Nico seemed to feel as if he were invincible. As if the pair of hard-won mistrials had somehow guaranteed his future infallibility.
“That’s not the point, and you know it,” he said. “What’s the point of baiting the bear unnecessarily?”
“He’s been nipping at our heels for years. Harrying us. All those stories and articles. I want to take his measure for a moment.” He hunched his shoulders and spread his big hands. “A little talk. That’s all.”
“A little talk is often a dangerous thing.”
Nicholas Balagula emitted a short dry laugh. “If danger was what I had in mind, Mikhail, I’d send Gerardo and Ramón, and then our nosy Mr. Frank Corso would know what danger is all about.”
Ivanov opened his mouth to object, but it was too late. Nico was already on his feet, already stepping out from behind the defense table and walking across the silent courtroom. His hands swung at his sides as he strolled toward the lone spectator at the other end of the room.

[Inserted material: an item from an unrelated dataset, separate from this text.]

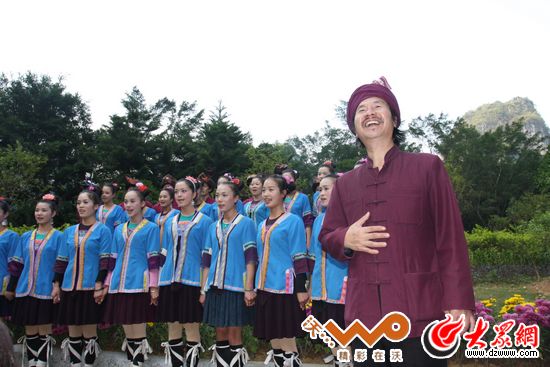大眾網-聯通3G陽朔11月22日訊(特派記者 劉國棟)走進一個民族,首先要認識的就是這個民族最能代表其文化的東西。對于侗族來說,最能代表侗族文化也最廣為人知的,想必就是侗族大歌了。侗族大歌是我國侗族地區一種多聲部、無指揮、無伴奏、自然合聲的民間合唱形式,歷史上分布在整個侗族南部方言區,目前主要流行于侗語南部方言第二土語區,其中心區域在黎平縣南部及與之接壤的從江縣北部、以及榕江縣車江、宰麻一帶。不過我們對于侗族和侗族大歌的采訪卻主要放在了桂林陽朔蝴蝶泉畔,因為那里有一個人,據說他在侗鄉無人不知無人不曉,據說是他讓侗族大歌唱的更遠唱的更響,這個人叫做吳金敏。

Behind his stone face, Ivanov inwardly grimaced and then began moving in the same direction, vowing, as he walked, that when this was over and they were both finally free and clear, he would retire to his villa in Nice. Maybe take a mistress. Perhaps a woman with children, upon whom he could dote in his old age.
At the far end of the room, Raymond Butler stopped talking and pressed the phone hard against his chest. Renee Rogers stood statue-still as Nicholas Balagula walked past the prosecution table and then began to veer toward the rail…toward Corso.
Balagula stopped at the rail, six feet from the chair in which Corso sat.
“You would be Mr. Frank Corso,” he said.
Corso got slowly to his feet. He was four inches taller than Balagula but gave away at least fifty pounds to the older man. “Yes,” he said. “I would be.”
“You’ve been making quite a hobby out of me,” Balagula said.
“In your case, I like to think of it as a job,” Corso replied.
The pair of bailiffs who flanked the judge’s bench began to move toward the men.
“I am but a poor émigré to your country. I have—”
Corso cut him off. “In your country you were a murdering piece of shit, and now you’re a murdering piece of shit here.”
Balagula pressed his thighs against the rail and leaned toward Corso. “I have used better men than you as if they were women,” he said.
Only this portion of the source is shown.